Si le juge ordonne la prolongation de la rétention, celle-ci court pour une période de vingt-six jours à compter de l’expiration du délai de quatre jours mentionné à l’article L741-1.
En l’espèce, l’intéressé a déclaré être entré irrégulièrement en France et n’est pas détenteur de documents valides pour séjourner sur le territoire national.
Il n’a pas de ressources licites ni de domicile fixe en France. Sa famille demeure en Algérie, à l’exception d’un oncle maternel qu’il déclare demeurer en Espagne.
Il ne dispose d’aucune garantie de représentation.
Une demande d’identification et de laissez-passer consulaire a été formulée par la Préfecture de en date du auprès des autorités consulaires 29 janvier 2026.
En l’espèce, avant même le placement en rétention administrative et durant l’incarcération, l’administration justifie de la saisine des autorités consulaires en vue d’une demande d’identification et de l’obtention d’un laissez-passer.

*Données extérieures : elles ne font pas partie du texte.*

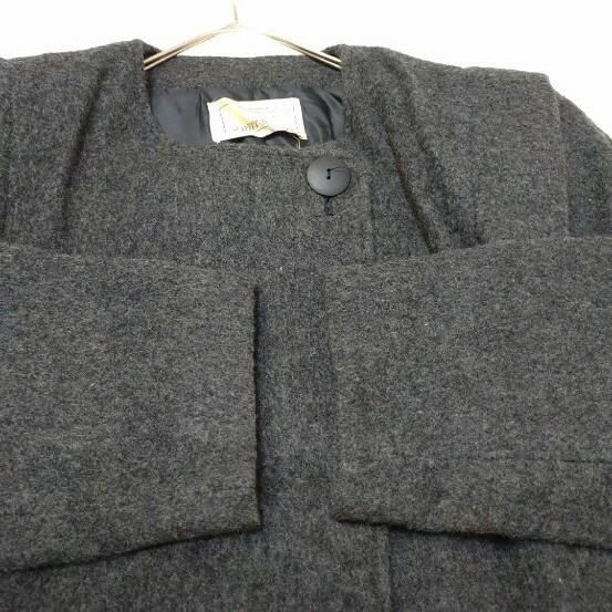 サンテスプリ ウールコート ノーカラー 比翼ボタン 肩パット 黒 ブラック 長袖 ウール ウール混 ショート丈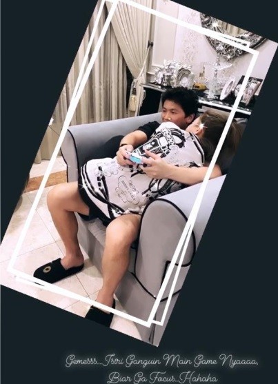 Pada video singkat itu, tampak Reino tengah bermain game, sedangkan Syahrini justru duduk di pangkuan suaminya tersebut sambil memeluk manja.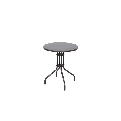 Τραπέζι εξωτερικού χώρου μεταλλικό σε χρώμα καφέ σφυρήλατο με τζάμι ασφάλειας με τρύπα για ομπρέλα 180x90x72εκ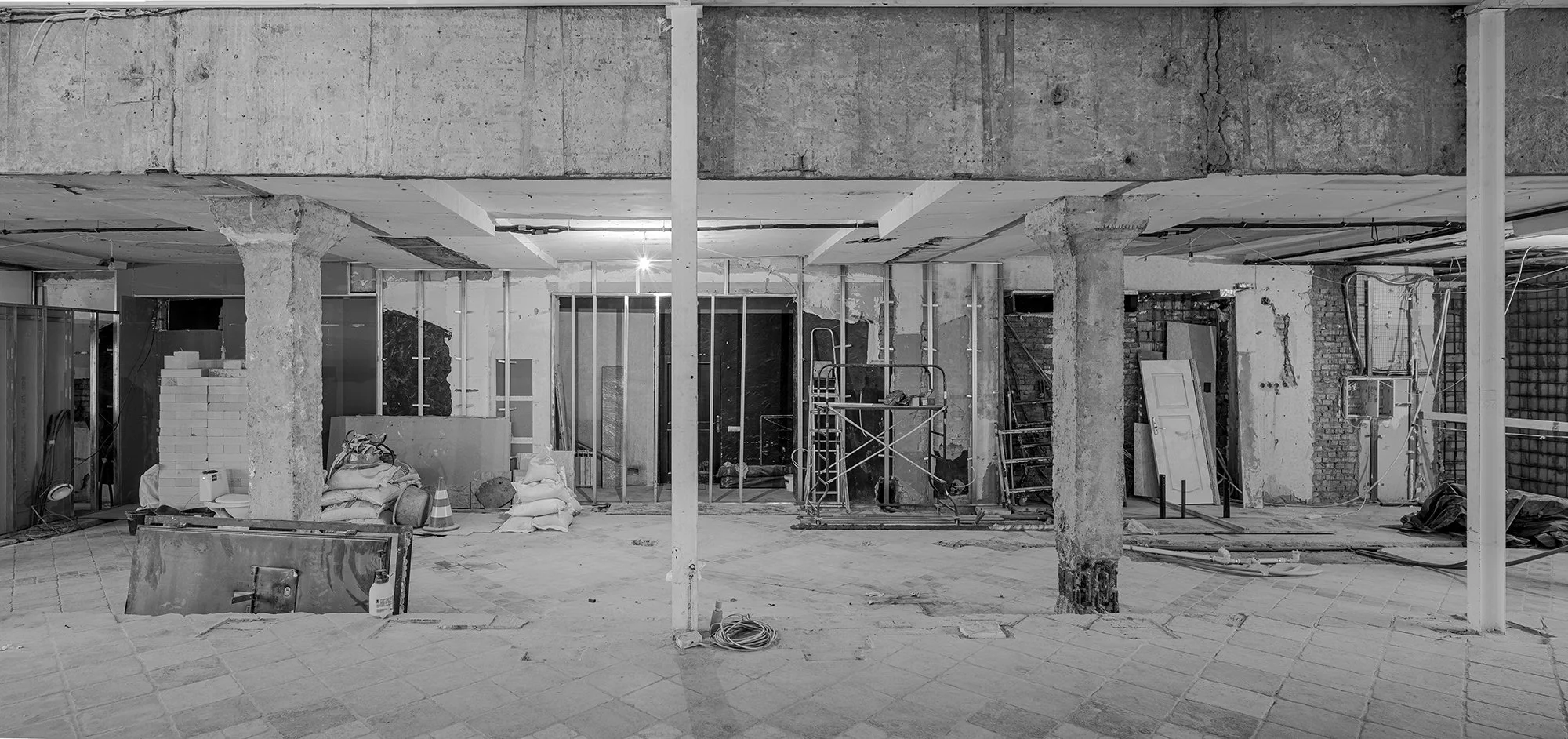Викликом стала й велика кількість різногабаритних колон. На цокольному поверсі їхні «п’ятки» (бази) були з’єднані з фундаментом і не підлягали демонтажу. Посадку довелося розгортати навколо цих перешкод: частину «п’яток» колон вписали в інтер’єр, а частину приховали під подіумом.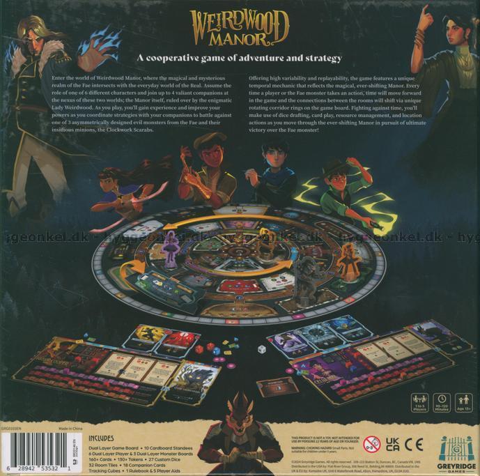 Weirdwood Manor er et spennende strategispill som tar spillerne med inn i en mystisk verden fylt med magi og fare. I spillet må 1-5 spillere samarbeide for å beskytte Lady Weirdwood og beseire de farlige Fae-monstre som truer herregården. Hver spiller velger en unik helt med spesielle evner og jobber sammen for å utforske herregården, bekjempe monstre og løse gåter.

Si les difficultés diplomatiques existent entre la France et l’Algérie, au stade actuel et très récent de la mesure de rétention administrative, il ne saurait être affirmé que l’éloignement de l’intéressé ne sera pas possible avant la fin de la durée légale maximale de la rétention administrative.
En conséquence, la prolongation de la mesure de rétention apparaît justifiée.
PAR CES MOTIFS :
Statuant publiquement en premier ressort, par décision assortie de l’exécution provisoire,
PRONONÇONS la jonction de la requête en contestation du placement en rétention et de la requête en prolongation de la rétention administrative ;
DÉCLARONS RECEVABLE la requête en prolongation de la rétention ;
DÉCLARONS régulier l’arrêté portant placement en rétention administrative ;
ORDONNONS LA PROLONGATION DE LA RÉTENTION de M. X se disant [S] [M] alias [V] pour une durée de vingt-six jours.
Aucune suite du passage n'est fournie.